Question

A cylindrical resistor element on a circuit board dissipates 1.2 W of power. The resistor is 2 cm long, and has a diameter of 0.4 cm. Assuming heat to be transferred uniformly from all surfaces, determine (a) the amount of heat this resistor dissipates during a 24-hour period, (b) the heat flux, and (c) the fraction of heat dissipated from the top and bottom surfaces.

Answer 1

(a) The resistor disspates 103680 joules during a 24-hour period.

(b) The heat flux of the resistor is approximately 4340.589 watts per square meter.

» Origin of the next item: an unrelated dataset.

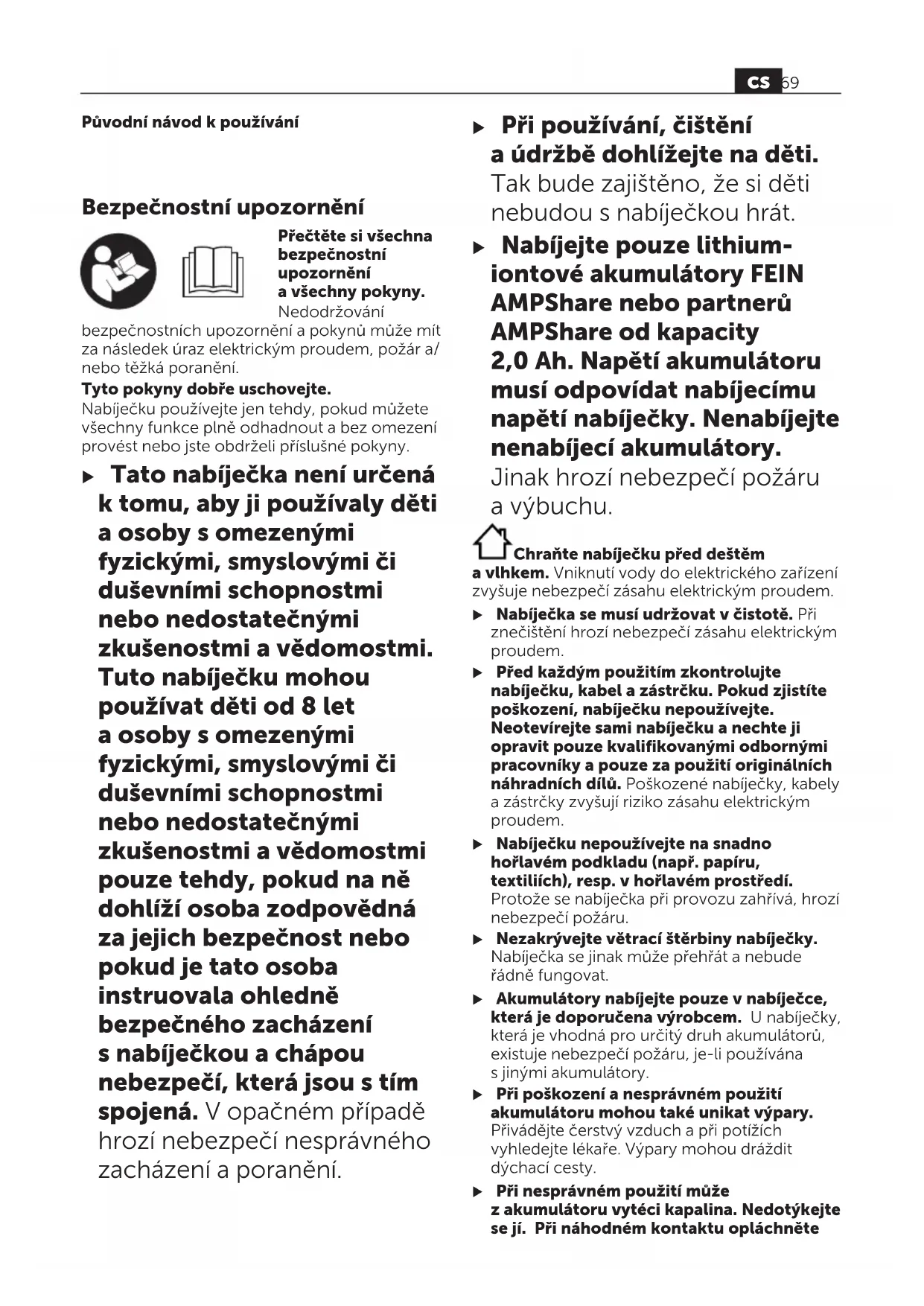 – 4,0Ah min 16/25 – 5,0Ah min 20/35 Počet akumulátorových článků 5–15 Hmotnost podle EPTA-Procedure01:2014 kg 0,95 Třída ochrany / II A) Vzávislosti na teplotě atypu akumulátoru B) Akumulátor nabitý na 50% (po nabíjení sPower Boost). Akumulátor lze vyjmout aihned začít používat. C) Akumulátor nabitý na cca 80% (po nabíjení sPower Boost). Akumulátor lze vyjmout aihned začít používat. D) Akumulátor nabitý na cca 80% (po nabíjení se standardním nabíjecím režimem). Akumulátor lze vyjmout aihned začít používat. E) Akumulátor nabitý na 97 - 100% (po nabíjení se standardním nabíjecím režimem). ProvozČeština MontážČeština u Před každou prací na nabíječce vytáhněte zástrčku ze zásuvky. Montáž na stěnuČeština Nabíječku lze používat buď stojící (na stole) nebo zavěšenou na stěně. Pro upevnění na stěnu: Vyvrtejte dva otvory se vzdáleností podle výkresu. 70 cs 34101366060 • 1.6.22Pro upevnění použijte šrouby spůlkulatou hlavou oprůměru od 5mm do max. 6,5mm. Uvedení do provozuČeština u Dbejte na správné síťové napětí! Napětí zdroje proudu musí souhlasit súdaji na typovém štítku nabíječky. Nabíječky označené 230V se smí používat také s220V. Proces nabíjeníČeština Proces nabíjení začne, jakmile je síťová zástrčka nabíječky zapojená vzásuvce aakumulátor je nasazený vnabíjecím otvoru (1). Díky inteligentnímu způsobu nabíjení se automaticky rozpozná stav nabití akumulátoru avzávislosti na teplotě anapětí akumulátoru se nabije právě optimálním nabíjecím proudem. Tím se šetří akumulátor azůstává při uložení vnabíječce vždy zcela nabitý. Význam zobrazovaných prvkůČeština Zelený ukazatel stavu nabití akumulátoru(3)Čeština Pět zelených LED signalizuje stav nabití akumulátoru během nabíjení apo nabíjení. Nepřetržitě svítící LED signalizuje kapacitu akumulátoru cca 20%. Stav LED Kapacita akumulátoru cca 5 LED se postupně rozsvěcuje. <20% Nejspodnější LED nepřetržitě svítí. 20% 2 nejspodnější LED nepřetržitě svítí. 40% Stav LED Kapacita akumulátoru cca 3 nejspodnější LED nepřetržitě svítí. 60% 4 nejspodnější LED nepřetržitě svítí. 80% 5 LED nepřetržitě svítí. >95% Upozornění: Proces rychlonabíjení je možný pouze tehdy, pokud je teplota akumulátoru vpřípustném rozsahu teploty při nabíjení, viz část „Technické údaje“. Červená kontrolka sledování teploty/ chyby(5)Čeština Nepřetržité svíceníČeština Nepřetržité svícení signalizuje, že je teplota akumulátoru mimo přípustný rozsah teploty nabíjení, viz část „Technické údaje“. Jakmile je dosažen přípustný rozsah teploty při nabíjení, spustí se proces nabíjení. BlikáníČeština Červeně blikající kontrolka signalizuje, že akumulátor nebo nabíječka jsou poškozené. Tlačítko Power Boost (4)Čeština Stisknutím tlačítka Power Boost (4) se aktivuje režim rychlonabíjení. Lze provést před vložením akumulátoru nebo při vloženém akumulátoru. Tlačítko Power Boost (4) svítí během rychlonabíjení červeně. Opětovným stisknutím tlačítka Power Boost se vrátíte zpět do režimu standardního nabíjení. Po skončení rychlonabíjení (je dosaženo cca 50% kapacity akumulátoru) tlačítko Power Boost (4) zhasne. Když akumulátor zůstane vnabíječce, nabíjí se dál. Akustický signálČeština Jakmile je nabíjení dokončené, zazní krátký akustický signál. Závady – příčiny aodstraněníČeština Příčina Odstranění Červená kontrolka sledování teploty/chyby (5) bliká Není možné nabíjení Akumulátor není (správně) nasazený Nasaďte akumulátor správně do nabíječky Znečištěné kontakty akumulátoru Vyčistěte kontakty akumulátoru; např. opakovaným zapojením aodpojením cs 71 34101366060 • 1.6.22Příčina Odstranění akumulátoru, případně akumulátor vyměňte Vadný akumulátor Akumulátor vyměňte Vadná nabíječka. Nabíječku příp. nechte zkontrolovat autorizovaným servisním střediskem pro elektrické nářadí FEIN. Zelený ukazatel stavu nabití akumulátoru (3) nesvítí Síťová zástrčka nabíječky není (správně) zapojená Síťovou zástrčku (zcela) zapojte do zásuvky Zásuvka, síťový kabel nebo nabíječka mají poruchu Zkontrolujte síťové napětí, nabíječku příp. nechte zkontrolovat autorizovaným servisním střediskem pro elektrické nářadí FEIN. Pracovní pokynyČeština Výrazně kratší doba chodu po nabití ukazuje, že je akumulátor opotřebovaný amusí se vyměnit. Při nepřetržitých, popř. několikrát po sobě následujících nabíjecích cyklech bez přerušení se může nabíječka zahřát. To je ale vpořádku aneupozorňuje to na technickou závadu nabíječky. Chlazení akumulátoru (Active Air Cooling)Čeština Řízení ventilátoru integrované vnabíječce sleduje teplotu nasazeného akumulátoru. Jakmile teplota akumulátoru stoupne nad cca 0°C, začne se akumulátor chladit ventilátorem. Zapnutý ventilátor při tom vydává příslušné zvuky. Pokud ventilátor neběží, je vadný nebo je teplota <0°C. Doba nabíjení se tím může prodloužit. NabíjeníČeština Režim Power BoostČeština Pomocí Power Boost se akumulátory nabíjejí vrežimu rychlonabíjení do cca 50% kapacity akumulátoru. Tyto akumulátory jsou znovu připravené kpoužití během kratší doby než při nabíjení vrežimu standardního nabíjení. SPower Boost se akumulátor nabíjí nejprve vysokým nabíjecím proudem, který se postupně snižuje. Když akumulátor zůstane vnabíječce, nabíjí se dál. Režim standardního nabíjeníČeština Akumulátor se nabíjí až do cca 100% kapacity. Režim standardního nabíjení je nejlepší kombinace rychlého nabíjení akompletního nabití akumulátoru. Režim standardního nab

(c) The fraction of heat dissipated from the top and bottom surfaces is 0.045.

Step-by-step explanation:

(a) The amount of heat dissipated (
`Q`), measured in joules, by the cylindrical resistor is the power multiplied by operation time (
`\Delta t`), measured in hours. That is:

`Q = \dot Q \cdot \Delta t` (1)

If we know that
`\dot Q = 1.2\,W` and
`\Delta t = 86400\,s`, then the amount of heat dissipated by the resistor is:

`Q = (1.2\,W)\cdot (86400\,s)`

`Q = 103680\,J`

The resistor disspates 103680 joules during a 24-hour period.

(b) The heat flux (
`Q'`), measured in watts per square meter, is the heat transfer rate divided by the area of the cylinder (
`A`), measured in square meters:

`Q' = (\dot Q)/(A)` (2)

`Q' = (\dot Q)/((\pi)/(2)\cdot D^(2)+\pi\cdot D \cdot h )` (3)

Where:

`D` - Diameter, measured in meters.

`h` - Length, measured in meters.

If we know that
`\dot Q = 1.2\,W`,
`D = 4* 10^(-3)\,m` and
`h = 2* 10^(-2)\,m`, the heat flux of the resistor is:

`Q' = (1.2\,W)/((\pi)/(2)\cdot (4* 10^(-3)\,m)^(2)+\pi\cdot (4* 10^(-3)\,m)\cdot (2* 10^(-2)\,m) )`

`Q' \approx 4340.589\,(W)/(m^(2))`

The heat flux of the resistor is approximately 4340.589 watts per square meter.

(c) Since heat is uniformly transfered, then the fraction of heat dissipated from the top and bottom surfaces (
`r`), no unit, is the ratio of the top and bottom surfaces to total surface:

`r = ((\pi)/(2)\cdot D^(2))/(A)` (3)

If we know that
`A \approx 2.765* 10^(-4)\,m^(2)` and
`D = 4* 10^(-3)\,m`, then the fraction is:

`r = ((\pi)/(2)\cdot (4* 10^(-3)\,m)^(2) )/(2.765* 10^(-4)\,m^(2))`

`r = 0.045`

The fraction of heat dissipated from the top and bottom surfaces is 0.045.